Conversando há algum tempo atrás com Ítalo Moriconi (poeta, crítico), mencionamos que poderíamos chamar as gerações pós-90 como Gerações Deserdadas – deserdadas de “nós” – os de 80, 70 e 60 (e quem mais estiver vivo). Contudo, o que seria uma proposta prévia de mea-culpa desbordou em – ao sabor do tempo e da reflexão – equívoco. Não, nós não deserdamos ninguém. Todos fomos espoliados, eis a questão.
Pois o mercantilismo feroz dos nossos dias ao nos espoliar dos ideais, dos sonhos, dos projetos e, naturalmente, das esperanças futuras – em suma, de tudo aquilo o que seria IMPALPÁVEL – nos roubou precisamente a REALIDADE MATERIAL, deixando em seu lugar apenas escombros, uma sucata de vida e cultura implodida em fragmentos desconexos.
E naturalmente a crueldade. A paradoxal ilimitação da violência de guerras da parte de sociedades pós-militares. Com a onipotência (e a inconsciência dum cosmo ou mundo organizado, que tal sociedade já não tem), a violência virou uma segunda natureza e o ato de matar, roubar, violar e espoliar, uma rotina. Sobretudo simbólica, imaterial, e esta como PRIMEIRA NATUREZA.
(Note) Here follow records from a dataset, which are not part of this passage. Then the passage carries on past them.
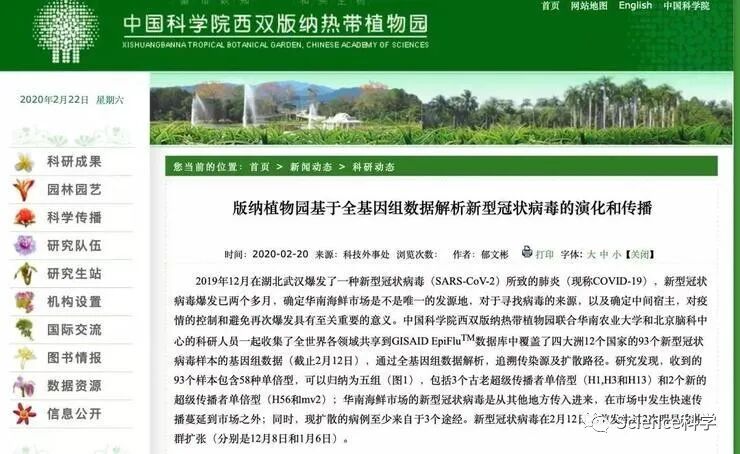2020 年 2 月 20 日,中国科学院西双版纳热带植物园通过官网发布研究成果信息称,武汉华南海鲜市场的新型冠状病毒是从其他地方传入的 ,推论该市场不是病毒发源地。
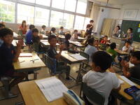 今日、流山市俳句協会の方々をお招きして、3年生が俳句教室を行いました。一つのものから、浮かび上がる言葉をみんなで考えたり、一つの言葉をほかの言葉で言い換えられないかを考えたりしました。児童は、目を輝かせて熱心に話をきいていました。また、その時間に作った俳句を先生方に紹介してもらって、とても嬉しそうにしている児童もたくさんいました。自然や言葉について、深く考えることができた授業でした。
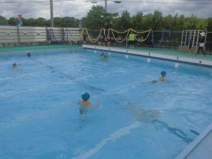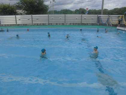その後は、実際にプールで大の字浮きをする練習をしました。
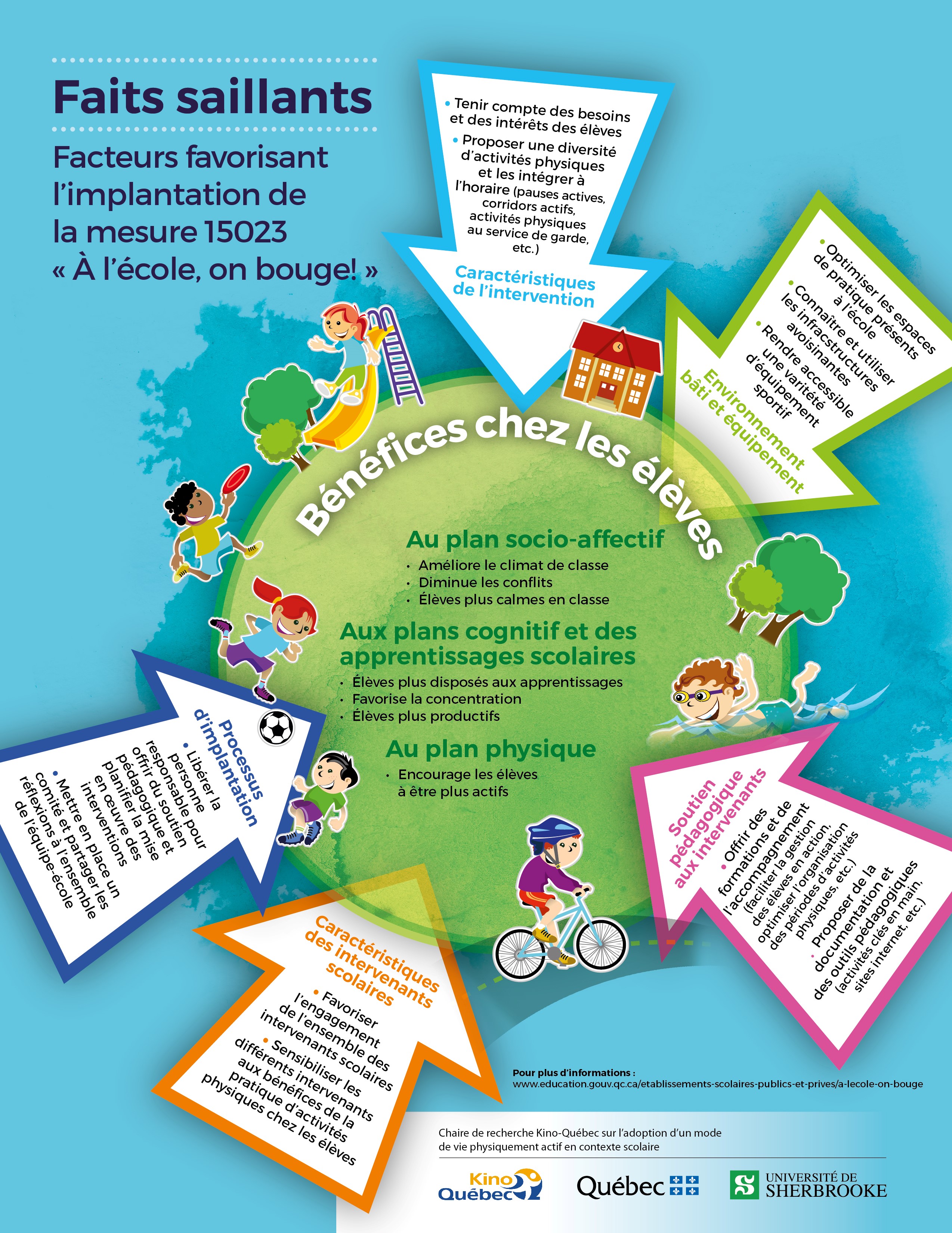 La mesure 15023 – À l’école, on bouge! (PDF 462 Ko) vise à soutenir les établissements d’éducation préscolaire et d’enseignement primaire afin d’augmenter et d’optimiser les occasions pour tous leurs élèves d’être physiquement actifs chaque jour d’école, leur permettant ainsi d’atteindre les recommandations en matière d’activité physique et d’en retirer un maximum de bénéfices. L’activité physique contribue notamment à augmenter la capacité d’attention et favorise la réussite éducative, le développement global et le bien-être des élèves.
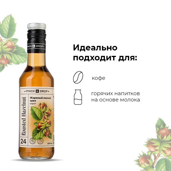 Сироп «Жареный лесной орех» привлекает ценителей сладких ореховых вкусов, которые подчеркивают блюда пряными нотками.

Donde a plena realização distópica.
Por isso quando leio os textos de Mirisola (com personagens cujos nomes se resumem a uma única sílaba: a Ka, o Ku, ou uma perífrase debochada, como A Japa do contábil, todos desvivendo posto que apenas em função das postadas no feicebuque), do André Santanna (penso no conto A Lei), o romance Pornopopéia do Reinaldo de Morais, TUDO do Bortolotto, sinto, sei, compreendo perfeitamente que eles estão fazendo seu serviço de continuidade literária direitinho, às mil maravilhas, ao qual nada tenho a acrescentar senão o meu próprio assombro, minha náusea, meu desespero.
Alain Badiou considera que vivemos num espaço social experimentado como “sem mundo” e nesse espaço, a única forma que o protesto pode assumir é a violência desprovida de sentido. Isto é, desmundo (tomando emprestado o título do romance de Ana Miranda, mas tenho a impressão que esta expressão é um achado verbal ainda mais antigo). Por que eu nasci, cresci e vivi numa época onde a “civilização brasileira” ainda existia, bem como o futuro era possível e a vida fazia sentido. Algo intransmissível às gerações posteriores – daí o equívoco quanto ao suposto deserdamento das futuras gerações – a quem coube, isso sim, e nas palavras também de Roberto Schwarz, testemunhar não um mundo, um cosmos, mas o caos, o declínio, a queda, o desmanche em todo seu esplendor. E sua total falta de sentido.
Como nas terríveis palavras de Walter Benjamin: “O que chamamos de progresso é o vento que impele o anjo da História irresistivelmente para o futuro, ao qual ele vira as costas enquanto o monte de ruínas diante de si se ergue até os céus”. Somente no sonho de Marx, uma sociedade sem classes faria a humanidade despertar do pesadelo da História.